====== Records

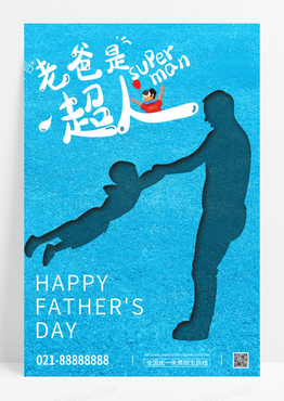 蓝色渐变父亲节父爱如山海报父亲节宣传
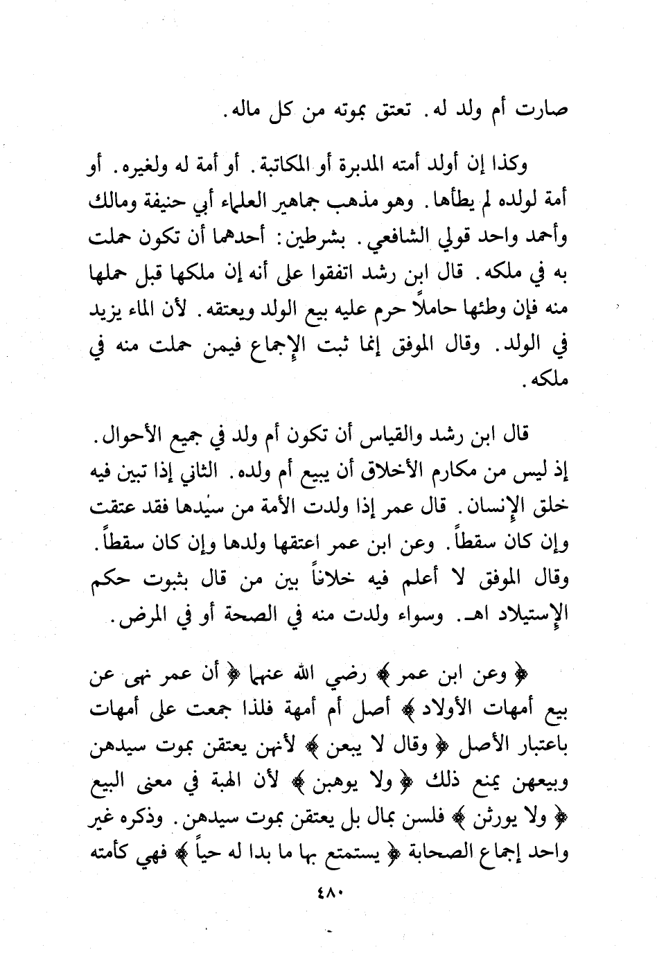 (وعن ابن عمر) -رضي الله عنهما- (أن عمر نهى عن بيع أمهات الأولاد) أصل أم أمهة فلذا جمعت على أمهات باعتبار الأصل (وقال لا يبعن) لأنهن يعتقن بموت سيدهن وبيعهن
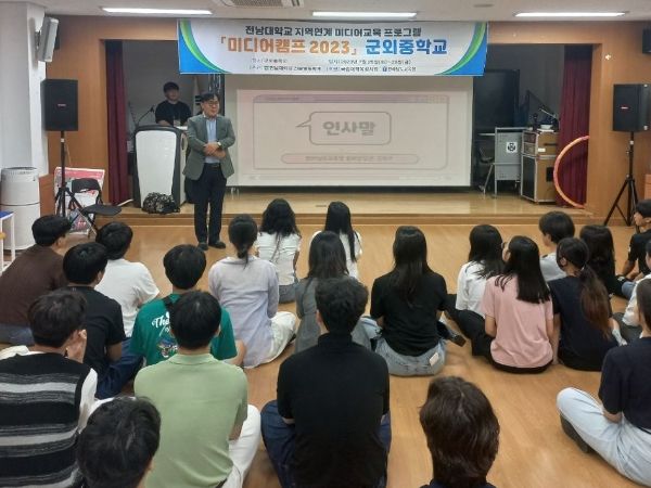 소외 지역 청소년에게 미디어 홍보 역량을 갖춘 미래인재로 성장할 기회를 제공하기 위해 마련된 이번 캠프는 전남대학교 신문방송학과 교수 및 학생이 주관하며, 군외중학교 학생과 전남대 운영진과 교직원 등 40여 명이 참여했다.
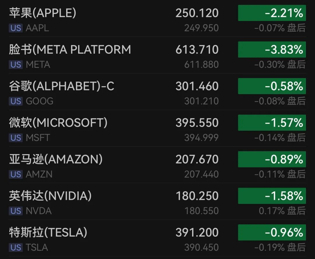 英伟达跌1.58%,特斯拉跌0.96%,博通跌4.11%,微软跌1.57%,亚马逊跌0.89%,谷歌-A跌0.42%,谷歌-C跌0.58%,超威半导体跌2.20%。
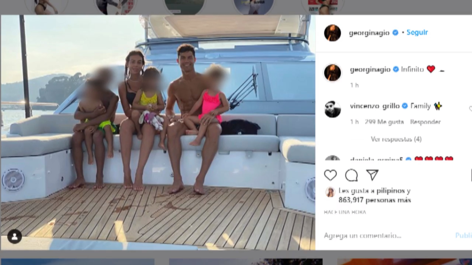 Georgina y Cristiano Ronaldo están disfrutando de unas vacaciones de ensueño. Un espectacular yate es el alojamiento que este año la familia ha elegido para pasar varias semanas de relax, tras todo lo acontecido por la pandemia de la Covid-19. Aunque parece que la privacidad que querían, va y viene por momentos. Con cánticos en italiano y desde el agua, seguidores de la pareja se han acercado a saludar.(Fuente: Instagram, EP, Marca)
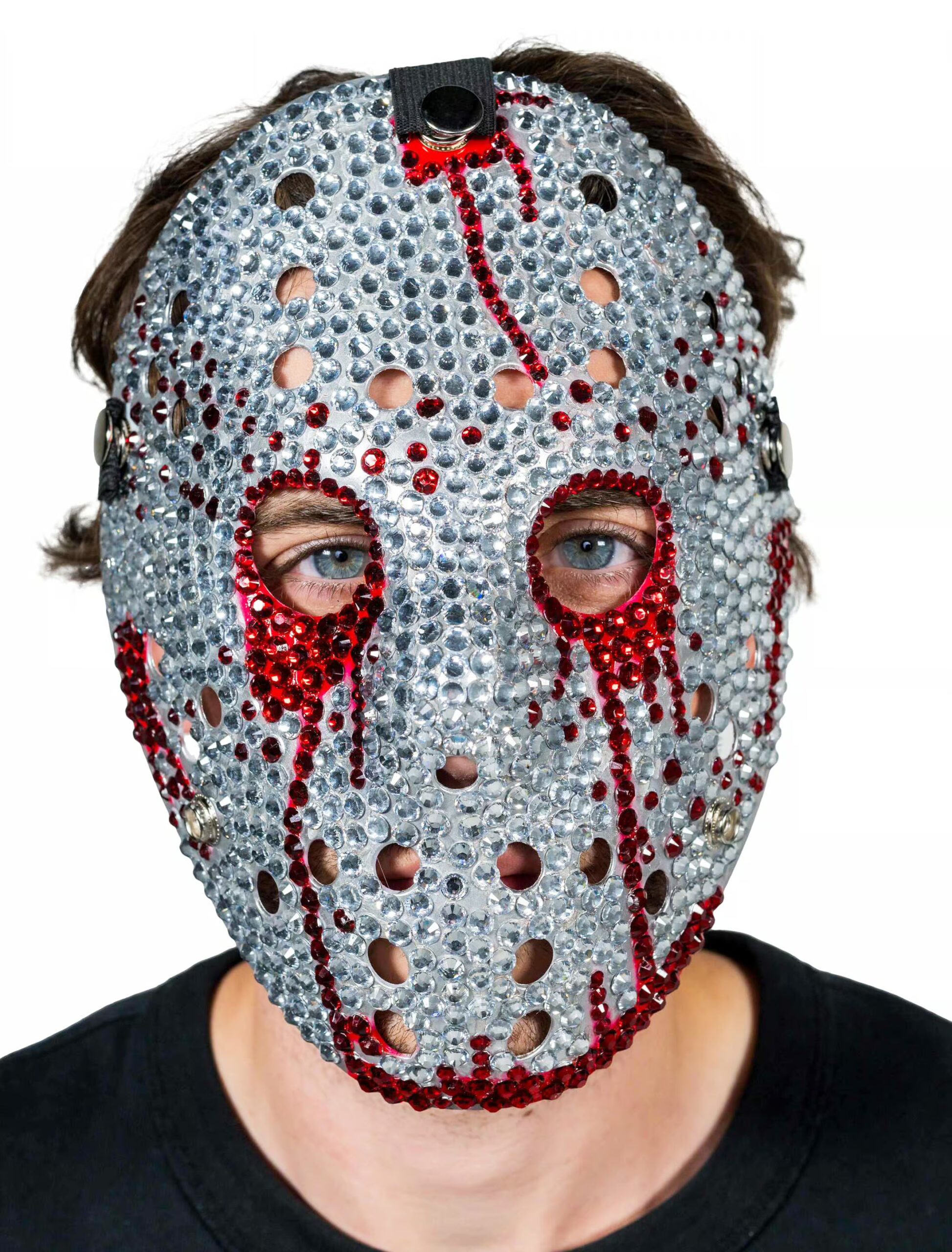 Du willst Angst und Stil perfekt vereinen? Mit unserer Hockeymaske mit Strasssteinen wirst du zum schaurig-glitzernden Highlight jeder Horrorparty! Diese Maske bringt dich direkt aus dem Schlachthaus auf den Laufsteg – dank der funkelnden Strassteine, die nicht nur für Glamour sorgen, sondern auch teuflisch clever als herunterfließendes Blut arrangiert sind. Grusel-Chic in Perfektion! Die Maske bedeckt dein Gesicht komplett, sodass du eine mysteriös-bedrohliche Aura ausstrahlst. Die Kombination aus blutigen Details und edlem Glanz macht dich zum perfekten Mix aus Schrecken und Eleganz. Egal ob Halloween, Mottoparty oder Karneval – mit dieser Hockeymaske bist du der funkelnde Alptraum, der alle Blicke auf sich zieht!
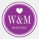 Deep purple and white monogram wedding favour stickers. Cute heart with monogrammed name initials of bride and groom plus date of marriage. Personalised thank you stickers or envelope sealers / seals for save the date cards and invites. Elegant stylish typography for bride and groom name initials. Chic design / fancy design. Customisable background colour. Romantic love theme design.
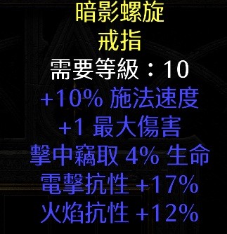 黃戒指:10高施/吸4命/17電抗/12火抗/1大傷
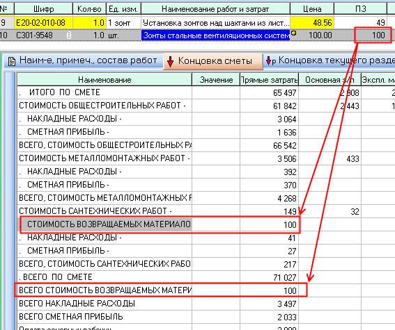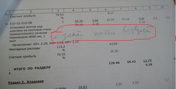 есть вот такая расценка Е20-02-010-08 материал (зонт) дает нам заказчик. то есть нужно сделать возврат материалов. Смета была на проверке и там было написано (смотреть на фото)
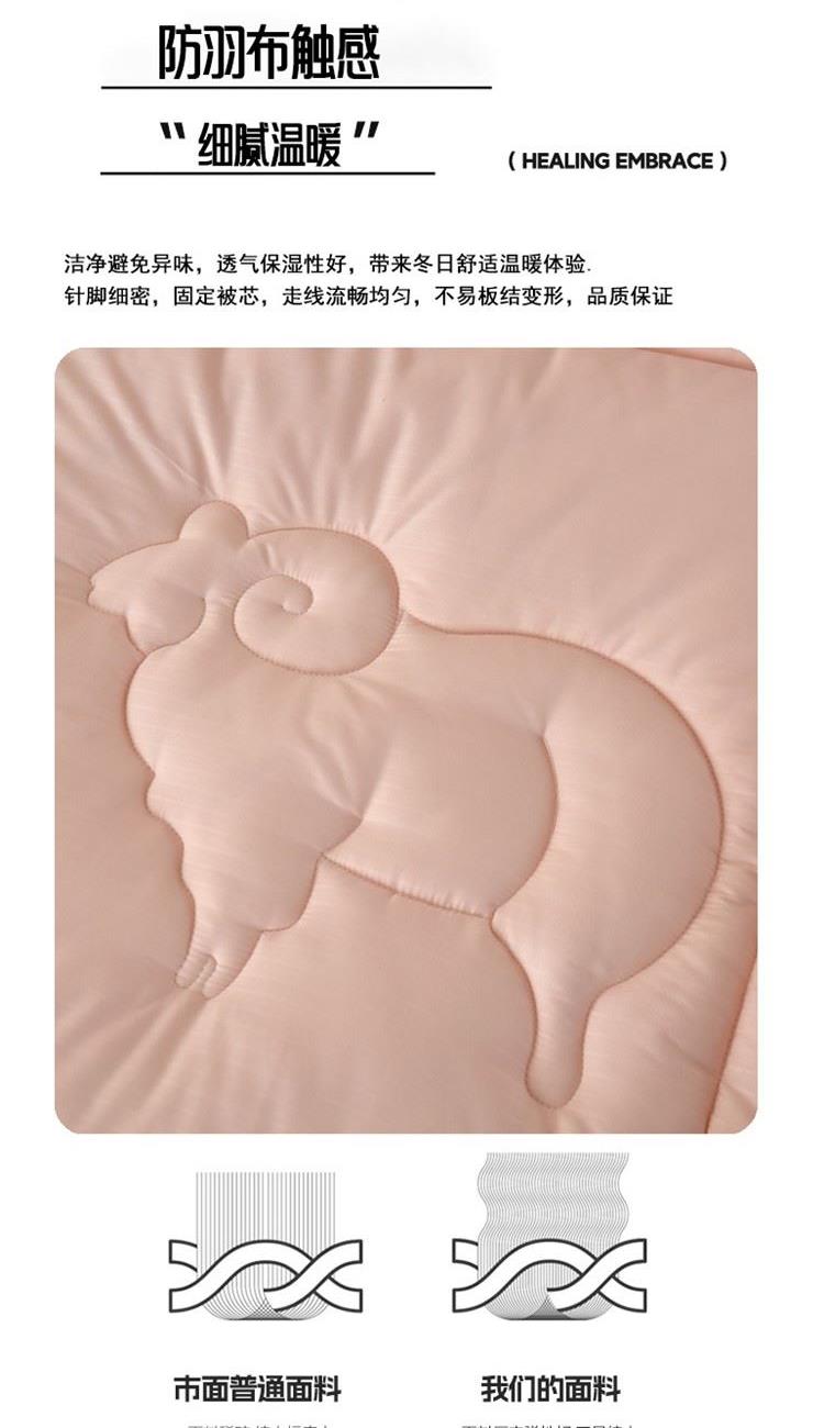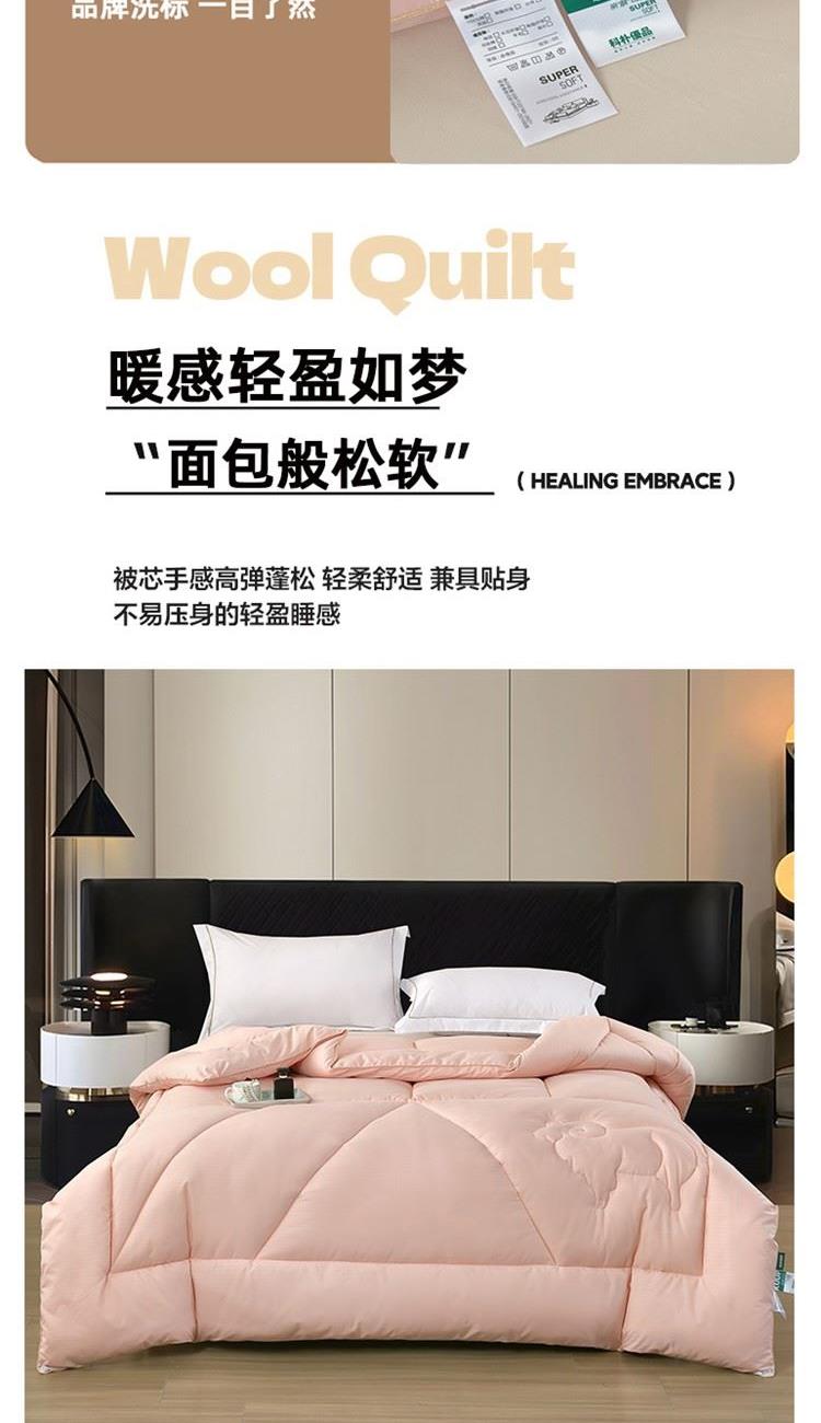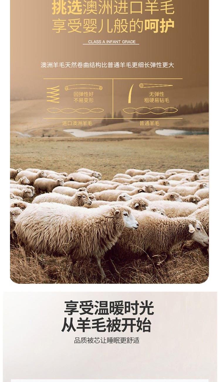 规格:200*230cm 填充:澳洲羊毛 面料:防羽布(聚酯纤维) 重量:2.8kg 1.澳洲羊毛自身的卷曲性使被子蓬松透气,同时能够很好的锁住温度,使热量均衡不流失,保持温暖,整晚舒适 2.防羽布触感细腻温暖,洁净避免异味,透气保湿性好,带来冬日舒适温暖体验 3.针脚细密,固定被芯,走线流畅均匀,不易板结变形,品质保证

============

Activity:
Restate, line by line and word for word, everything from the top of the material through the line that contains "英伟达跌1.58%,特斯拉跌". Leave pictures out.

Result for this exercise:
 蓝色渐变父亲节父爱如山海报父亲节宣传
 (وعن ابن عمر) -رضي الله عنهما- (أن عمر نهى عن بيع أمهات الأولاد) أصل أم أمهة فلذا جمعت على أمهات باعتبار الأصل (وقال لا يبعن) لأنهن يعتقن بموت سيدهن وبيعهن
 소외 지역 청소년에게 미디어 홍보 역량을 갖춘 미래인재로 성장할 기회를 제공하기 위해 마련된 이번 캠프는 전남대학교 신문방송학과 교수 및 학생이 주관하며, 군외중학교 학생과 전남대 운영진과 교직원 등 40여 명이 참여했다.
 英伟达跌1.58%,特斯拉跌0.96%,博通跌4.11%,微软跌1.57%,亚马逊跌0.89%,谷歌-A跌0.42%,谷歌-C跌0.58%,超威半导体跌2.20%。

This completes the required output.